The obtained liquid component is kept at a low temperature, for example, 2 to 6 degrees Celsius, so that the precipitate becomes raw, which is removed and the supernatant liquid is combined with the previously separated solid components and returned to the body. is also possible, and the separation apparatus of the present invention can also be used for this separation.

As mentioned above, the separation device of the present invention uses a membrane material with a completely new structure that has not been previously known, so it is highly reliable in terms of safety and hygiene, and has the excellent characteristics of being resistant to a decrease in separation performance. It is.

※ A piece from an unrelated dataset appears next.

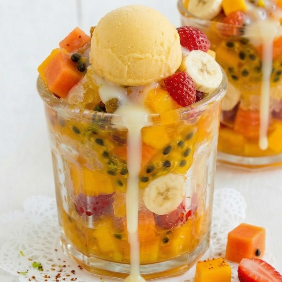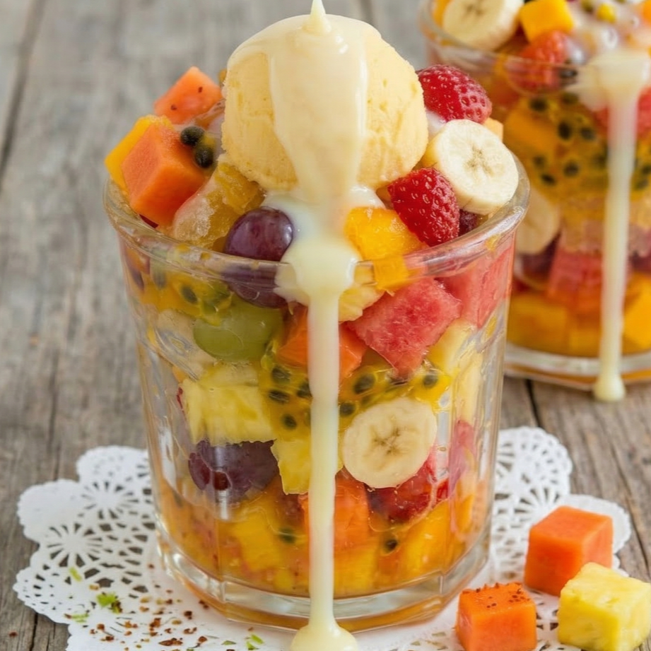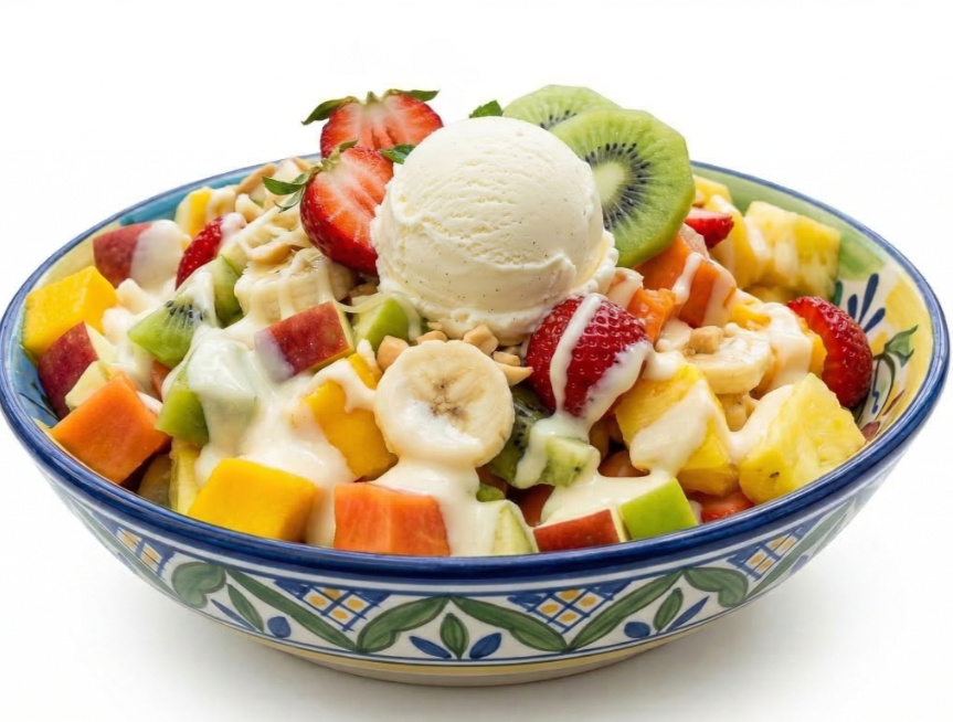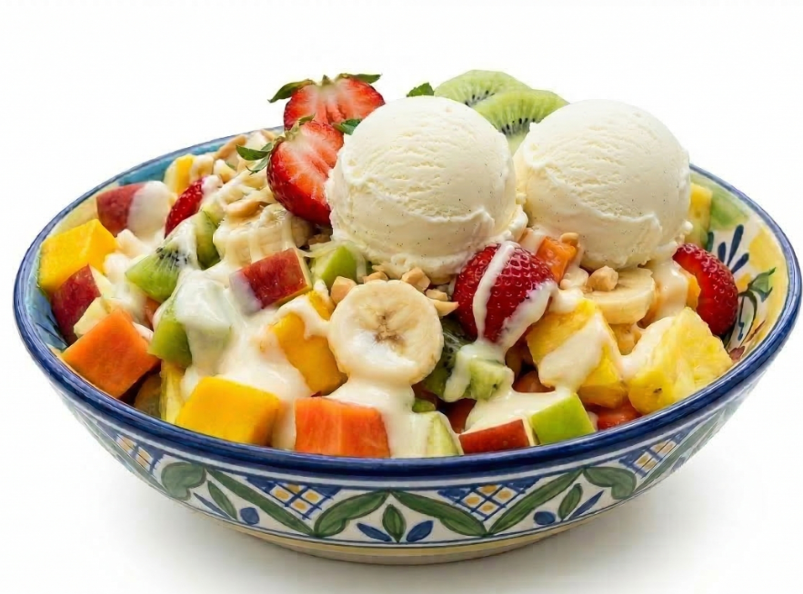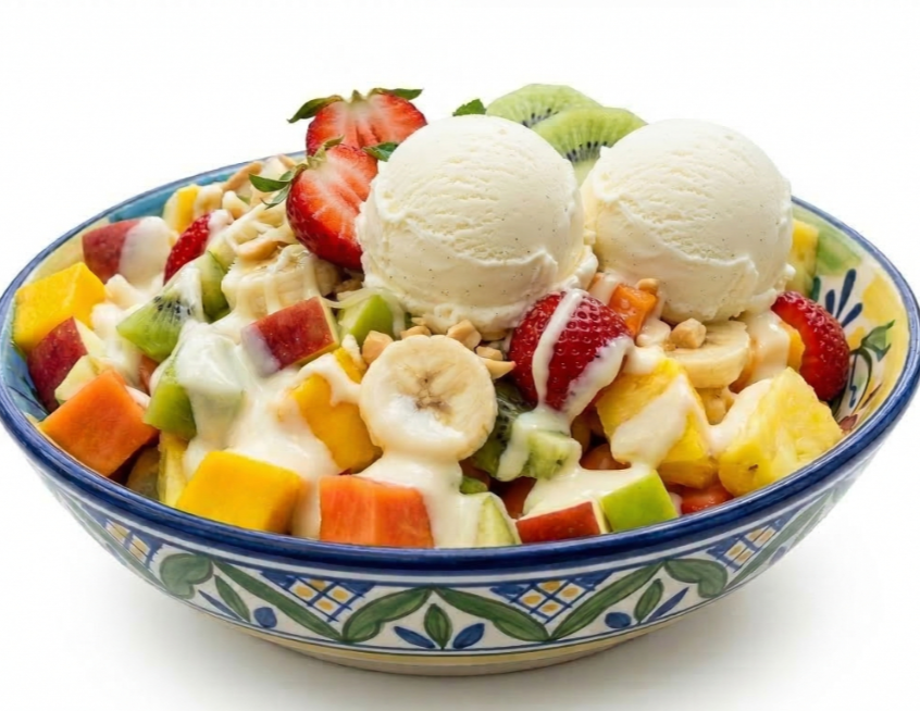 Deliciosa ensalada de frutas acompañada de mango, papaya, banano, fresa, manzana, kiwi, piña, leche condensada,crema de leche, 2 bola de helado a eleccion.

[Brief explanation of the drawing]

FIG. 1 is a schematic diagram showing the membrane structure of polyethylene hollow fibers used in the present invention, and FIG. 2 is a separation device showing an example of the present invention. 1...Microfibrils, 2...Nodules, 3...Strip-shaped micropores, 4...Microfibril aggregates, 5...・Outer cylinder, 6...
... Side pipe, 7 ... Outer lid, 8 ... Ring, 9 ... Adhesive, 10 ... Hollow fiber.

Claims (1)

[Claims for Utility Model Registration] 1. The fiber has a laminated structure in which micropores are interconnected from the inner wall surface to the outer wall surface of the hollow fiber, and the micropores are characterized by the following structure and have a porosity of 30 to 30. A separation device incorporating 9Qvo1% porous polyethylene hollow fibers. (1) It is a rectangular micropore formed by microfibrils arranged in the fiber length direction and nodules connected at almost right angles to the microfibrils. (2) The average thickness of the microfibrils is dM). and the average length IM) are dM = 0.02 to 0.3μ, 1M = 0.1 to 6.0μ, and (3) the average length of the knot in the fiber length direction is 1k.
) is 1 = 1.1 to 6.0μ, and (4) the average width (7■) and average length 1) of the strip-shaped micropores are dV/dM = 0.3 to 5IV. /dV=3
-50, and (5) the average pore diameter of micropores measured with a mercury porosimeter is 0.1 to 2μ. 2. Separation according to claim 1 of the utility model registration claim, in which a separation device incorporating hollow fibers has hollow fibers arranged in an outer cylinder having a side pipe, both ends fixed with adhesive, and an outer lid attached. Device. 3. The separation device according to claim 1, which separates components in a gas or a liquid. 4. The separation device according to claim 3, wherein the liquid is a body fluid. 5. The separation device according to claim 4, wherein the body fluid is blood. 6. The separation device according to claim 5, which separates blood into a formed component and a liquid component.